One consideration in using the ORS method is that the ORS imaging protocol also introduces contrast effects by magnetization transfer (MT). The MT effect is dependent on cross-relaxation and/or chemical exchange between the “free” water and macromolecule-associated or “immobile” water (
20–
22), whereas ORS effect primarily relies on the diffusion of water molecules among different compartments that are defined by magnetic field isosurfaces (
12). Our current study allows for a preliminary estimation of MT and ORS effects on SPPM contrast. The CNR for the SPPM-injected tumor is 37.4 ± 8.4 (
n = 3), which includes the compounded effects from both ORS and MT. The CNR for the SPPM-free tumors from the same animal is 7.8 ± 6.8, where the SPPM-induced ORS contribution is absent. The significantly higher CNR (
P = 0.01) from SPPM-injected tumors suggests that ORS contrast can be effectively detected over the MT contrast. Precautions need to be taken when imaging lower concentrations of SPPM in tumor tissues when the contribution from MT effect becomes significant. Further studies are necessary to quantitatively evaluate the contributions of MT- and/or ORS-based effects on the detection of SPPM.
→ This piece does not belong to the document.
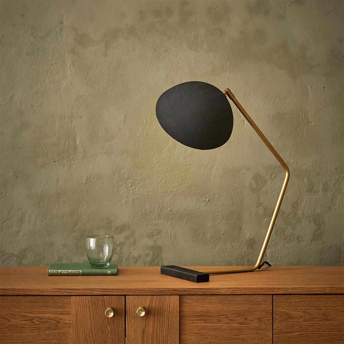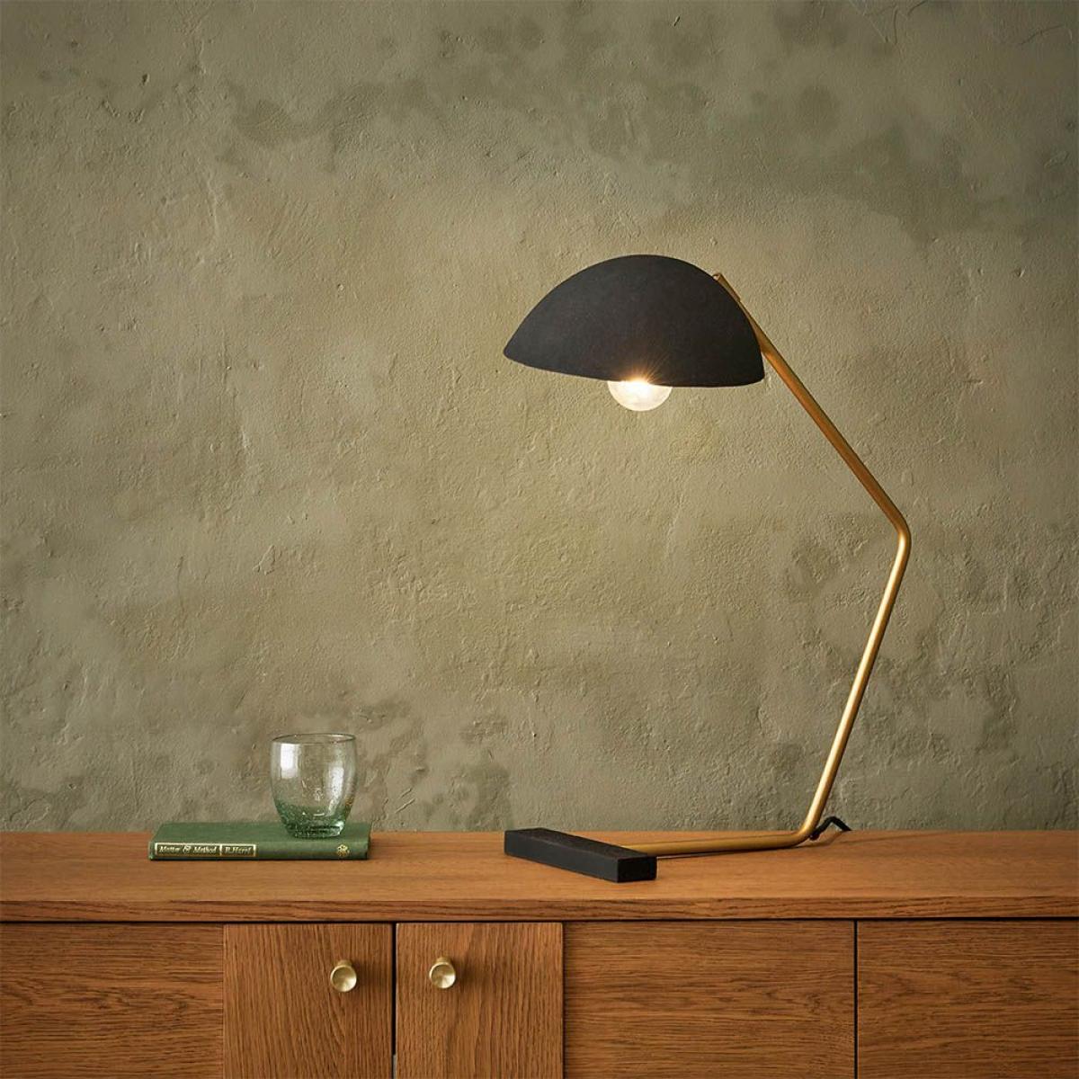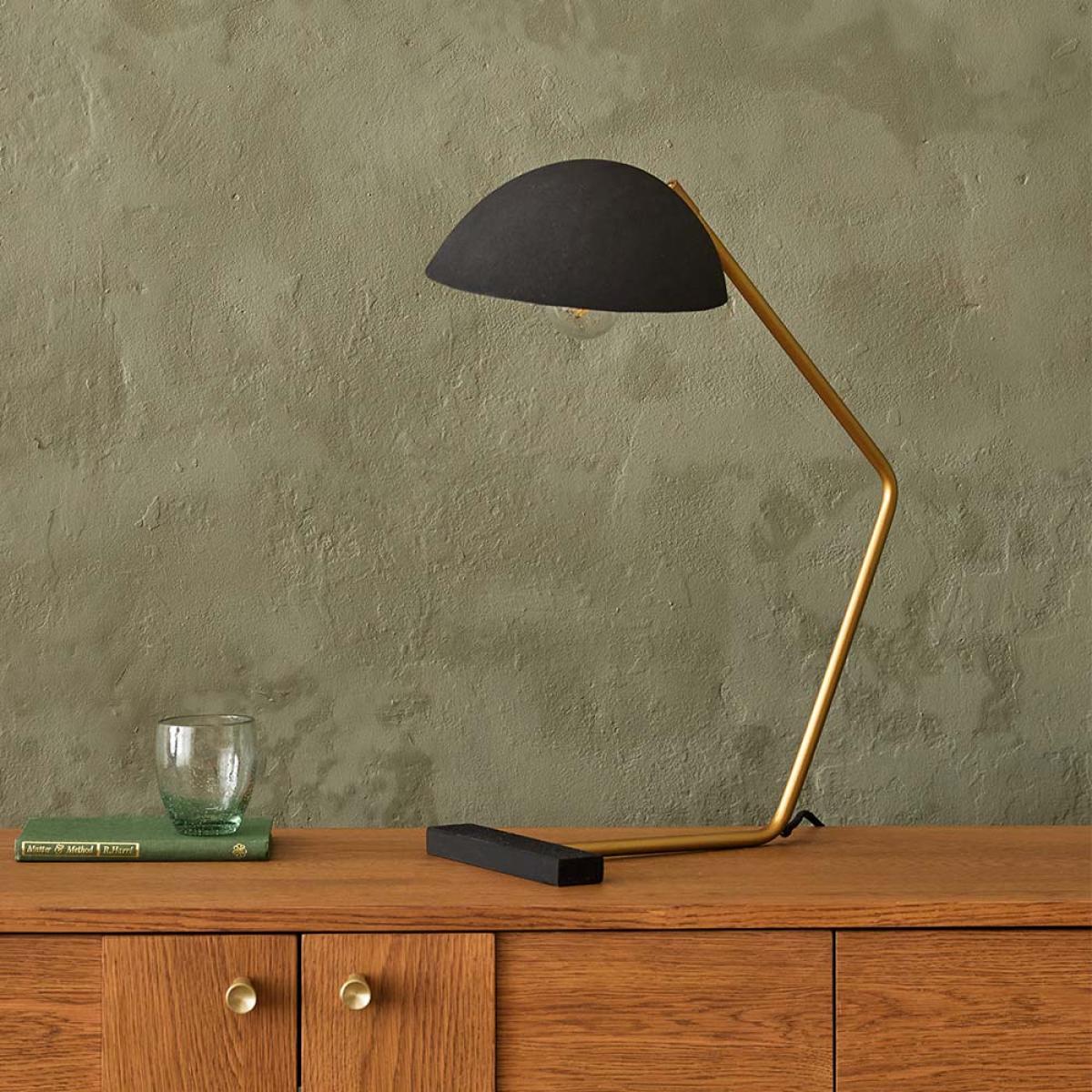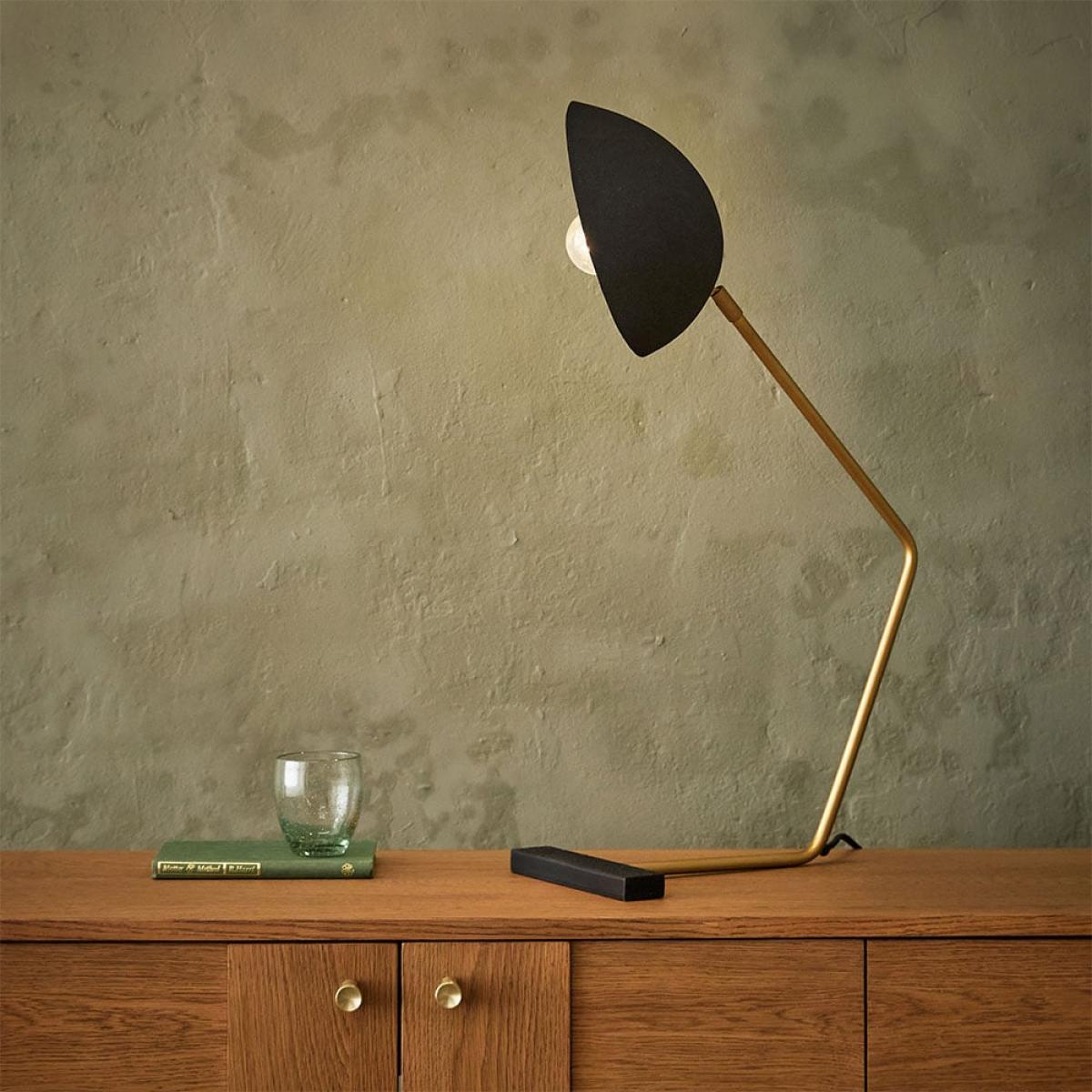 I’m a fan of the Rhett lamp for its clean, slightly industrial lines and muted brass detail - it slots straight into contemporary, Scandi or pared-back mid-century schemes. The adjustable half-dome shade gives just the right focused glow for a desk or bedside table without taking up much visual space. For styling, perch it on a light oak sideboard or minimalist writing desk alongside a neat stack of hardback books and a small ceramic pot plant to balance warmth and texture. Its slender profile means you can pair it with a wall mirror or framed print behind without the surface feeling crowded.
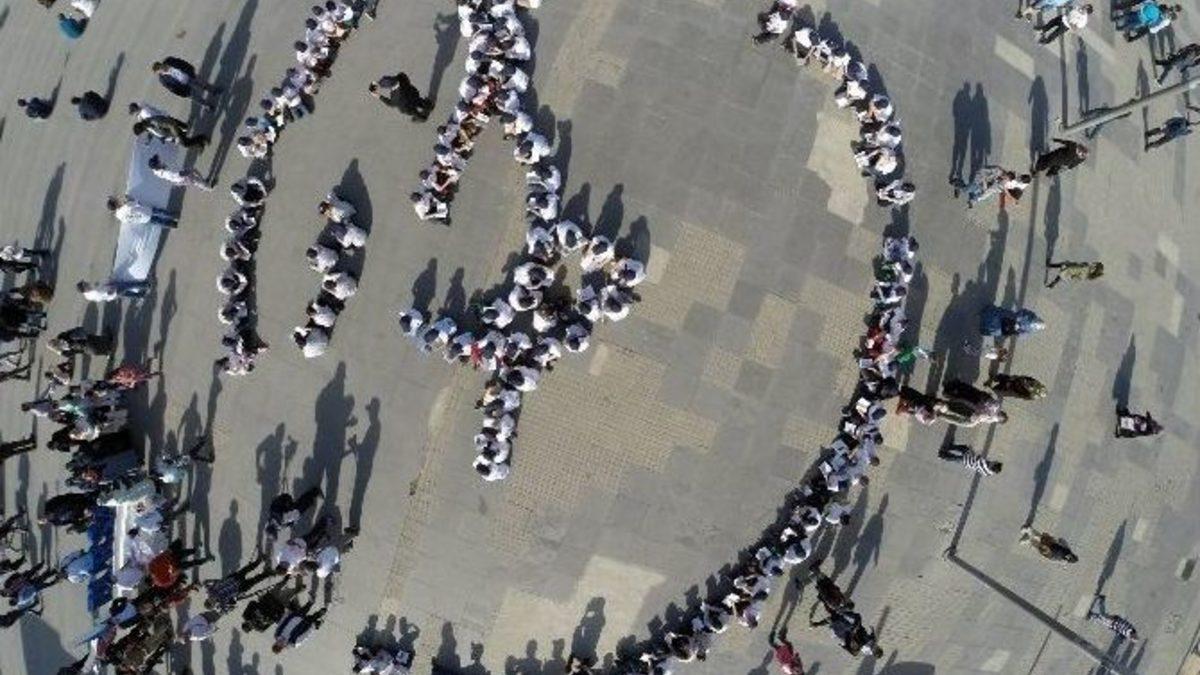 Bursa’da Hz. Muhammed’in hayatını anlatan kitabı okuyan 400 öğrencinin oluşturduğu ‘Muhammed’ lafzı havadan görüntülendi.Bursa Müftülüğü tarafından bir dizi sivil toplum kuruluşunun desteğiyle düzenlenen Kutlu Doğum etkinliğinde 400 çocuk, ‘Peygamberimiz Hazreti Muhammet Mustafa Sallallahü Aleyhi Vesellemin insanlarla ilişkileri’ adlı kitabı okudu. Kitap okuyan çocukların oluşturduğu ‘Muhammed’ lafzı da havadan görüntülendi.Bursa Müftülüğünün organizasyonunda Kent Meydanı’nda toplanan çocuklar müftülük görevlileri tarafından hazırlanan oturma düzeninde yere oturdu. Çocuklar, Bursa Müftüsü Prof. Dr. Mehmet Emin Ay’ın kaleme aldığı ‘Peygamberimizin hayatını anlatan insanlarla ilişkileri’ adlı kitabı okumaya başladı. Etkinlik, helikopter kamerayla havadan da görüntülendi. Çocukların oturma düzeniyle ‘Muhammed’ lafzı yazdı. Düzenlenen etkinlikle ilgili Bursa Müftülüğü Basın Koordinatörü Ali Haydar Yıldırım, “Şehrimizin tam da meydanında Efendiler Efendisi Mustafa Sallallahü Aleyhi Vesellemin, hayatını anlatan ‘Peygamberimizin insanlarla ilişkileri’ kitabımız var. Burada 400 öğrenci şehrin meydanında Efendimizin, hayatını okuyor. Bu etkinlikte amacımız Kutlu Doğum Haftası’nda farkındalık oluşturmak. Binlerce insan burada gençlerimizi görüyor, geleceklerine umutla bakıyor. İl Müftülüğü olarak bu organizasyonunu yaptık. 400 öğrenciyle birlikte Efendimizin hayatını okuyoruz. ‘Muhammet’ ismini çocuklarımız oluşturdular. Bunu da havadan görüntüledik” dedi.

In conclusion, these studies show the synergy of ultrasensitive SPPM design and ORS method for molecular imaging of cancer, and in particular, non–small cell lung cancer. Phantom studies show detection limit at picomolar (10−12 mol/L) concentrations of SPPM nanoprobes, making them comparable in sensitivity with nuclear imaging probes. Results from the animal studies support our hypothesis that ORS method can significantly increase the contrast sensitivity and detection accuracy of SPPM particles in tumor tissues over the conventional T2*-w method. After i.v. injection, αvβ3-targeted SPPM nanoprobes show significantly increased ORS imaging contrast in A549 tumors over the nontargeted SPPM. Pharmacokinetic studies showed prolonged blood circulation times of SPPM nanoparticles and verified the αvβ3-dependent targeting specificity by the cRGD-encoded SPPM. The combination of ORS imaging with cancer-targeted SPPM nanoparticles offers new opportunities in detecting biochemical markers at early stages of tumor development.